Despite its long history, shadow puppetry is under threat from modern entertainment alternatives, such as television and cinema.

Wang is trying to bring people's attention back to the traditional art. With the support of a national fund, he is currently teaching 20 students from across the country the skills needed to master the art of puppetry.

"I hope that this folk culture will survive the threat of modernity and thrive in the future," he said.

Ancient Origins

Ancient Chinese historical records show that shadow plays were originally created by a Chinese Taoist during the Han Dynasty (206 BC-AD 220) to console the heartbroken Emperor Wu, who had to deal with the death of one of his imperial concubines. The Taoist made a stone image of the concubine and put it in a tent by a burning candle. The shadow cast looked like the emperor's loved one and helped his sadness fade away.

Over the next 2,000 years, the stone figures gradually became cowhide ones, and the tents were turned into curtains. Performers then added drums and Chinese opera to the movement of the figures, and shadow play was born.

Wang first watched a shadow performance when he graduated from junior school.

"I thought it was humorous and eye-catching, and the figures were quite colorful," he said.

Wang's grandfather, a renowned shadow puppet performer in northern Sichuan, would take Wang along during his performances.

"He even paid a professional shadow performer to teach me," Wang said.

However, learning is difficult and it can take years before puppeteers are ready to go on stage.

"Every movement has to be on point," Wang said. "You need to memorize the whole script, and sing the lines of many different characters, while showing their emotions with the puppet strings."

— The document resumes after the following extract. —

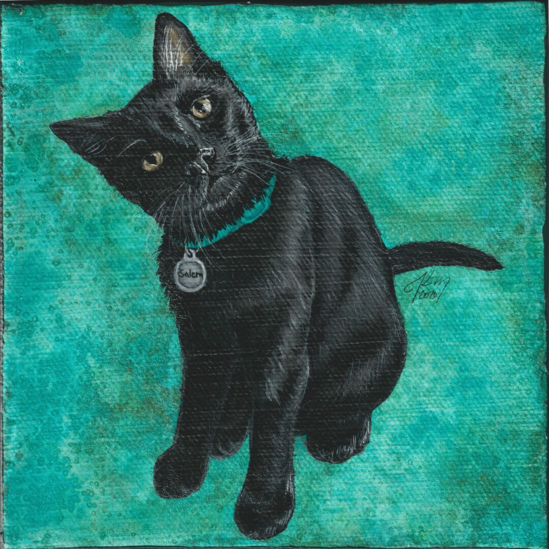 I’m a jack-of-all-trades artist, I do a little bit of everything and I love trying new things! The core of my commission work is in watercolor pet portraits on canvas. Watercolor is a very delicate medium and meant for paper but I use absorbent ground to prime the canvas for watercolor. I also seal my work with a UV archival varnish to protect it from fading or smearing since watercolor can be reactivated with water. Using canvas and UV varnish allows my work to be displayed without framing which is convenient for my clients, I used to work as a custom framer so preserving artwork is very important to me.

Shadow plays went through a hiatus during the "cultural revolution" (1966-76), but reemerged in the early 1980s, when the art was involved in rural marriage ceremonies, funerals and banquets.

However, since China's reform and opening-up began in the 1980s, a large number of rural residents have moved to cities for employment, while domestic appliances like TV sets and radios have become common. The ancient art began to lose younger audiences and had to compete with modern entertainment.

Passion for Puppetry

Wang gave up puppetry in 1991 and went to the southern metropolis of Shenzhen in Guangdong province to work on a pig farm. He soon made lots of money, but maintained his passion for puppet plays.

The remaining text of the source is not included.